Ecrin:   Eğer buraya kadar Fatma ve Eslem'in yorumunu okuyup geldiyseniz ve benim yorumumu da okumak istiyorsanız size teşekkür ederim. Çünkü gerçekteen düşüncelerimizle sizi tutsak ediyoruz! (Dizilerin bizi tutsak ettiği gibi.) Dizinin yayınlanacağını Ağustos'ta çıkacak diziler yazımızda belirtmiştik. Hepimiz hem fikir olup izleyeceğimizi daha o zamandan biliyorduk. Çıkınca ve Koreanturk'te de çevirisi eklenince bayağı sevinip ilk günden başladık izlemeye ama ne başlamak! Ben böyle karamsar, böyle gıcık eden bir Kdrama hayatımda izlememiştim. Belki de o yüzden bölüm sonunda beni bir kaşıntı tuttu ve diziye olan duygularım hemencecik minimuma düştü.


Zaten konusunu aşağı yukarı anladığınız için ben direkt yorumuma geçmek istiyorum. Herhalde tekrar tekraar konusunu okumak istemezsiniz.

Yeni bir iş, yeni bir yer ve yeni heyecanlarla geldiği yerde mülayim çocuğumuzun nasıl bir hayat süreceğini merak etmiştim ilk dakikalarda, ardından da içimdeki merak "nasıl kalacak yerin olmada Seul'a taşınırsın, manyak!!!" oldu. Çünkü Seul'da yaşamanın o kadar büyük eksileri var ki anlatmakla bitmez. (Depozito vermek ki bu depozito bazen 3bin dolar gibi oluyor küçücük bir yer için sonra tüm yıllık kira isteyebiliyorlar ve daha başka bir sürü şey.) Ardından kalacak yer sorunu çözülünce ki görüyoruz Cennet Pansiyonu adında bir yerde kalmaya başlıyor ki Cennet Pansiyonu basbayağı da Cehennem Pansiyonu oluyor ne diyordum evet kalacak yer sorunu da çözülünce pansiyonda kalan insanların, deli, sapık ve psikopat olduklarını görüyoruz. Hem de ne deli, ne sapık, ne psikopat! Beyaz atletliden tutun, ikizlere ikizlerden tutun kabadayısına ve ajummasına bir çoook pansiyon "sakini!" yaşıyor. Hepsinin beni ayrı ayrı tilt ettiğini belirtmem lazım.

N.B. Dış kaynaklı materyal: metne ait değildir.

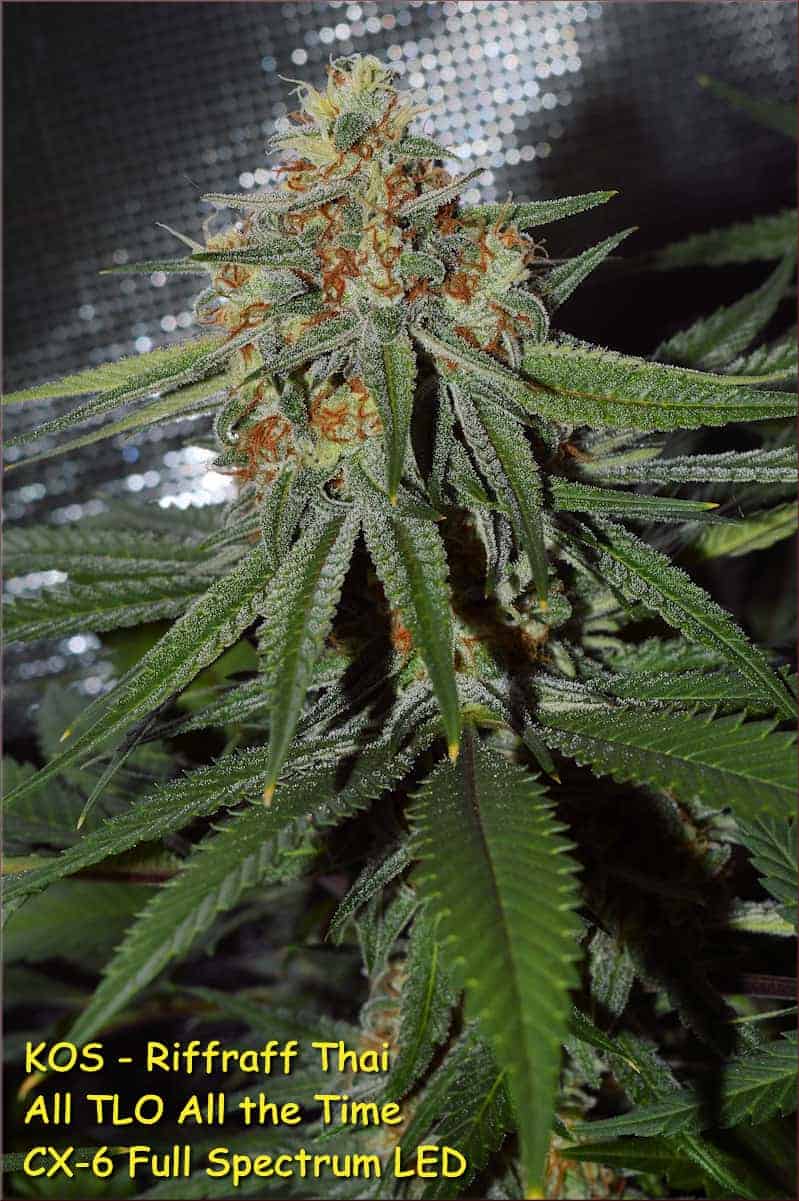 The Riffraff Thai basically has two main phenotypes, with some sub-variants within those two phenotypes. The first one leans on the indica side fairly heavy, in looks and effects. Huge yielding with fat colas, super dense; and just dripping with resin. The other phenotype I call the โKali Phenoโ and she represents a much higher sativa influence in her looks and her resin profile. Seriously spacey and intense. She normally goes 77 days, while the more indica type pheno goes 70 days.

Hatta yazıyı yazarken bile hatırladığım kısımlarına sinir oluyorum. "Öldürsem mi, öldürmesem mi?" kısmı ayrı bir sinir etti.


HAH BİR DE! Eslem ve Fatma yazmamışlar, dizinin kritiğini aramızda yaparken de bundan bahsetmemiştik ama bence anakarakter çocuğumuzla ilgili bir sorun da var. Çocuğumuz aynı zamanda yazarmış. Ve bu yazarlık olayında bence yazdıklarıyla kendi başına sorunu ören kişi o, çünkü arada yazdığı kısımlar hayata geçiyormuş gibi bir bölüm oldu. (En azından been öyle hissettim.)


Ne uzun ilk izlenim yazısı oldu! Siz diziyle ilgili neler düşündünüz? Devam etmeyi, izlemeyi düşünüyor musunuz? Yoksa "yok yaa ne izliycem hiç benlik değil" diye mi düşündünüz? Yorumlarınızı bekliyoruz!